Page last updated at 14:00 GMT, Monday, 22 March 2010

Prosecutors must 'raise game' on disabled hate crime

Keith Shortman: "They just decided to pick on a disabled person"

The Crown Prosecution Service should do more to help disabled victims of hate crime, an official has said.

Joanna Perry, of the CPS's equality and diversity unit, said the prosecution service for England and Wales needed to "raise its game" over the issue.

She added that it must secure more successful prosecutions against those who target people with disabilities.

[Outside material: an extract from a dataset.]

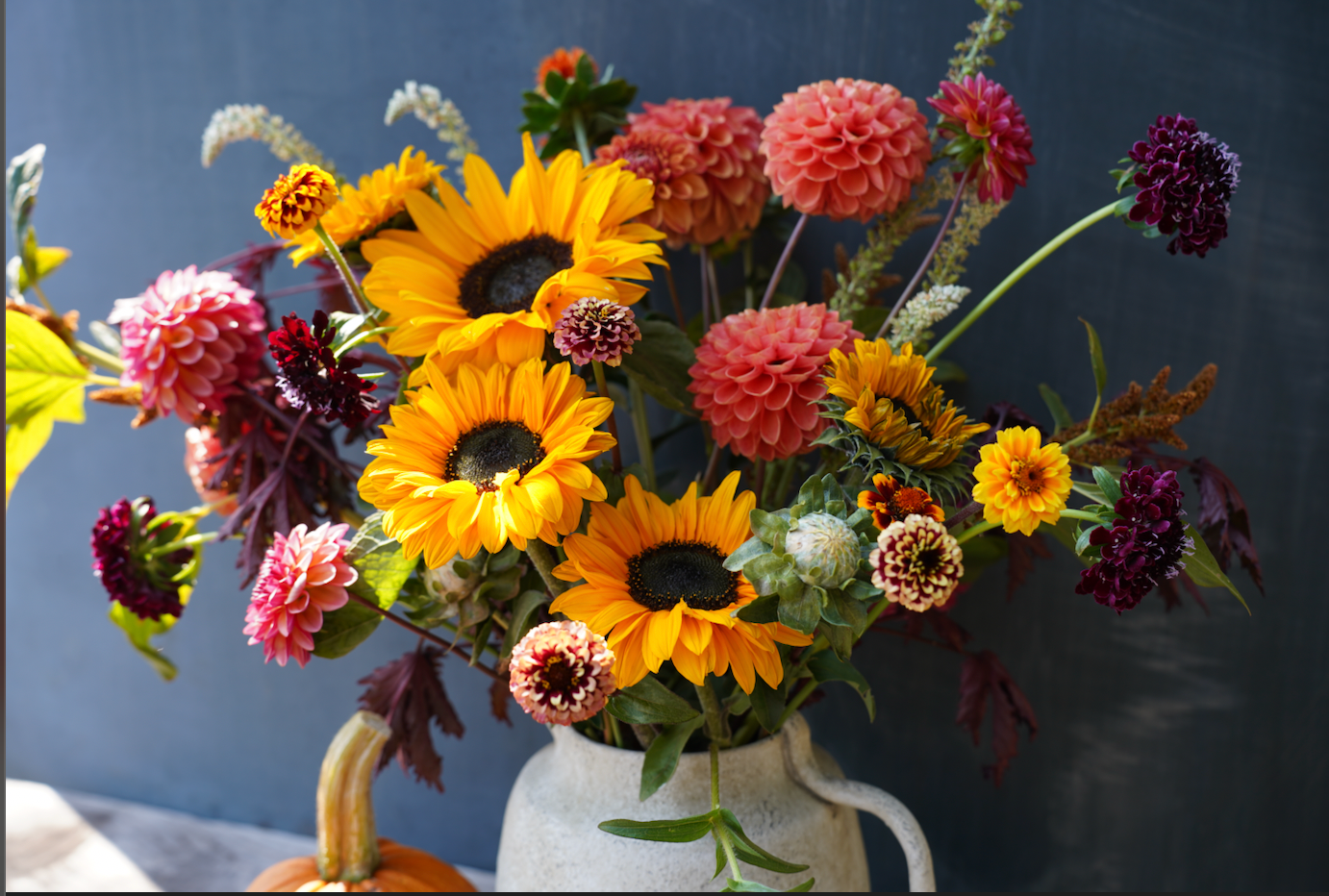 You are invited to come to our 10-acre farm on the Mendocino Coast to harvest flowers for your very own bouquet. Stroll through our cut-flower field to gather snapdragons, zinnias and other beautiful blossoms, all with the smell of the sweet sea breeze and the serenade of seals barking in the distance. While you're on the farm, we encourage you to walk through our two dozen rows of thousands of dahlia plants, stroll by our pumpkins and winter squash that are ripening for our late-September harvest, or hike up the hill a bit to catch a peak of the ocean. And, of course, bring your camera for your very own photo op!

Charity Mencap welcomed the call, saying many people with disabilities were reluctant to report crimes.

New guidelines

Ms Perry's comments follow the case of Fiona Pilkington, who killed herself and her disabled daughter, Francecca Hardwick, 18, after years of abuse from a gang in Barwell, Leicestershire.

And last March a man with learning difficulties, David Askew, collapsed and died after allegedly being harassed by youths in Greater Manchester.

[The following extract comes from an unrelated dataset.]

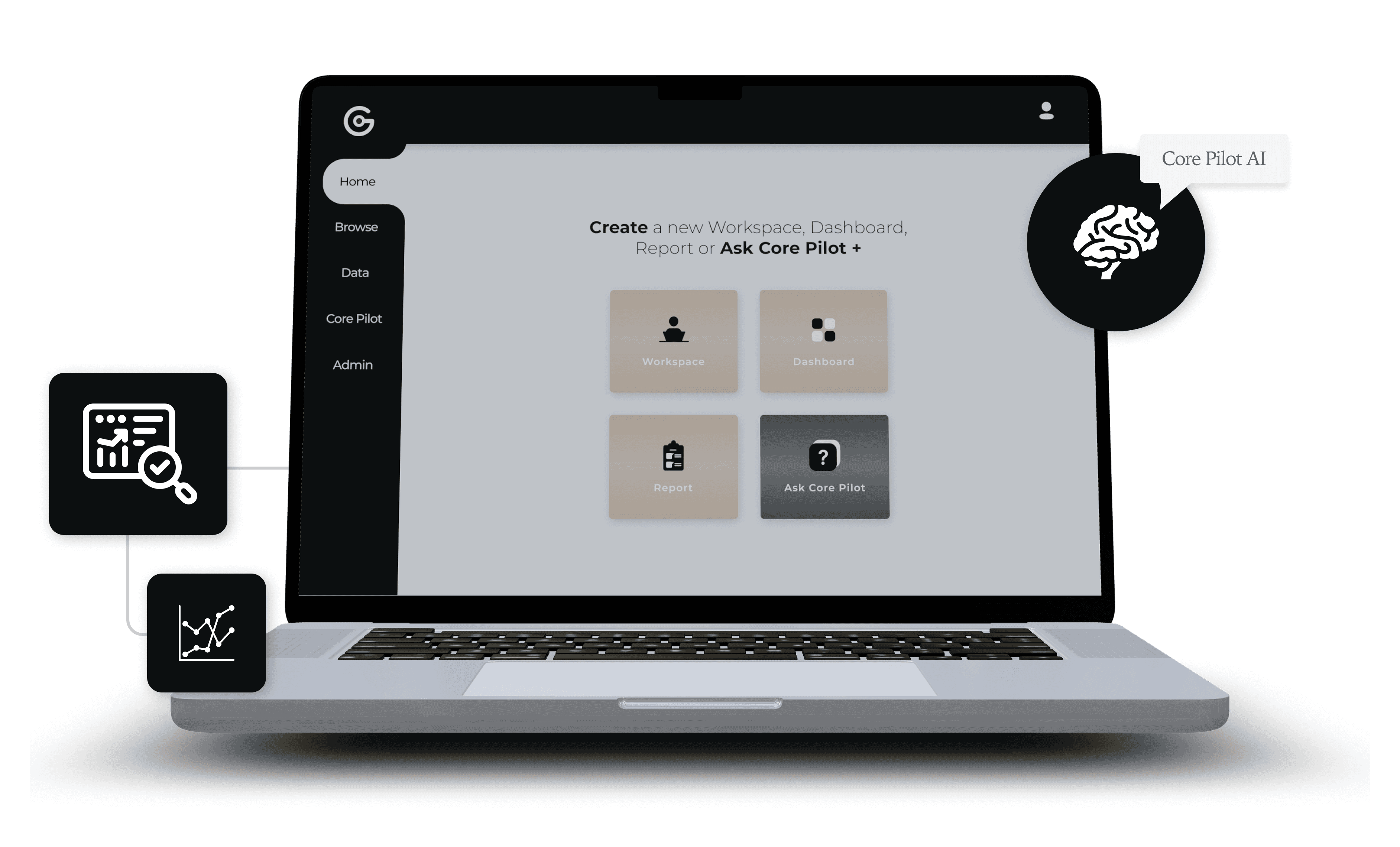 The Intelligence (CorePilot): Users are met with a conversational interface. This allows them to define the report’s scope by simply asking, "Show me churn rates by region for Q3."

We have to make sure that we are working really hard to prevent these things from happening in the first place
Chief Constable Steve Otter
Association of Chief Police Officers

The CPS has recently issued new guidelines to prosecutors which it says will help increase the number of cases brought to court.

They include a list of common factors in disability hate crime, asking prosecutors to look at whether there has been a pattern of offences, and encouraging more focus on the victim's right to justice.

While the police and prosecution service have had some success in tackling race, religious and homophobic crime, they admit they have been less successful in combating hate crimes targeted at disabled people.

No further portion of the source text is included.